A base social, política e econômica de uma nação residem no seu povo, cujo
fundamento está em sua cultura tradicional, que pode ser aperfeiçoada em virtude da
dinâmica da sociedade, fruto do seu desenvolvimento e da incorporação de outros
patrimônios jurídicos, antropológicos e sociais que levem em conta a importância dos
diversos atores que se encontram nesse processo.

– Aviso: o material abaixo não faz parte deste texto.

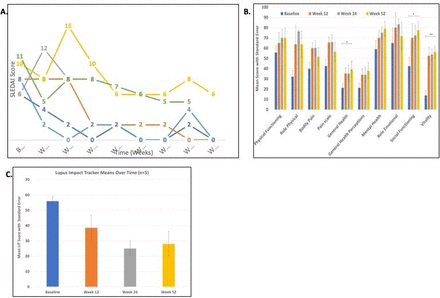 (B) 狼瘡影響追蹤器 (LIT) 是指研究期間的影響。從第12周開始,LIT顯著下降,并持續到第52周 (p=0.007)。誤差線表示SD。代表完成試驗至52周的5名患者的分數。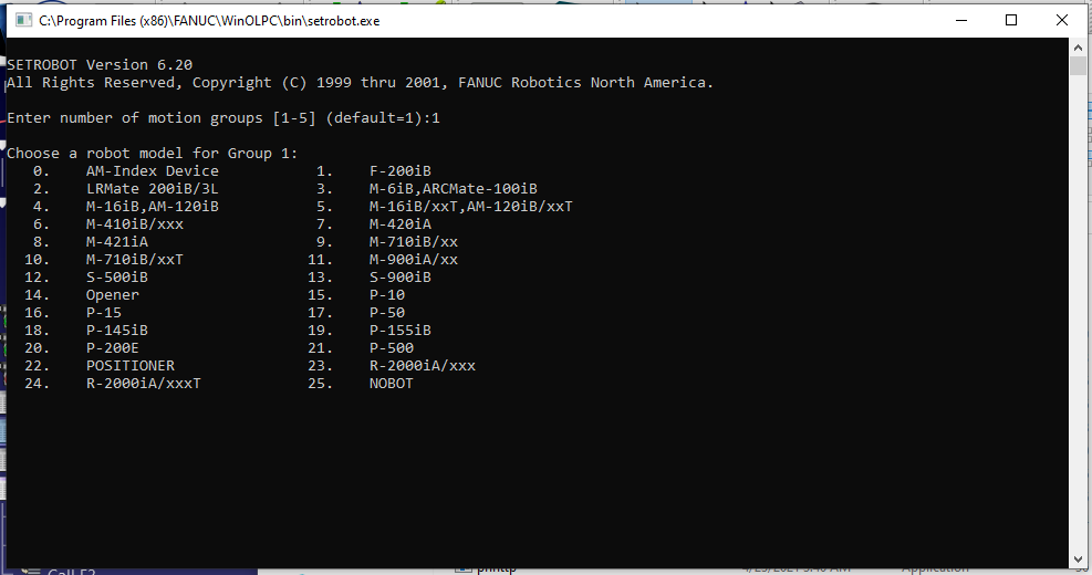 I looked into copying the files from C:\Program Files (x86)\FANUC\WinOLPC\bin into the C:\RoboDK\api\Fanuc folder, but I did not see a "Fanuc" folder. (Image of file directory attached). Also I looked into running setrobot.exe, but did not get the "Robot Neighborhood" window as described in another thread. I attached an image of the window I get when I run setrobot.exe.

De fato, a busca de qualquer mudança nesse sentido deve ser precedida de bom
senso e de fatores que levem em conta os costumes arraigados em uma sociedade, bem
como a necessidade de se considerar as características culturais dos povos tradicionais
que habitam determinado território.
O progresso, a globalização e os demais fatores de integração e desenvolvimento
entre as nações têm relegado ao segundo plano os direitos dos povos tradicionais,
desdenhando a sua cultura e sua importância como elementos autóctones de um país, que
contribuíram na formação e estabelecimento de um estado pluricultural como o Brasil.
A principal função do Estado é o bem estar dos seus cidadãos, respeitando-se as
diferenças culturais, étnicas e sociais dentre os povos, por meio de políticas públicas
efetivas e alinhadas com a Constituição Federal de 1988, e qualquer coisa diferente disso
poderá resultar em graves consequências para a nação.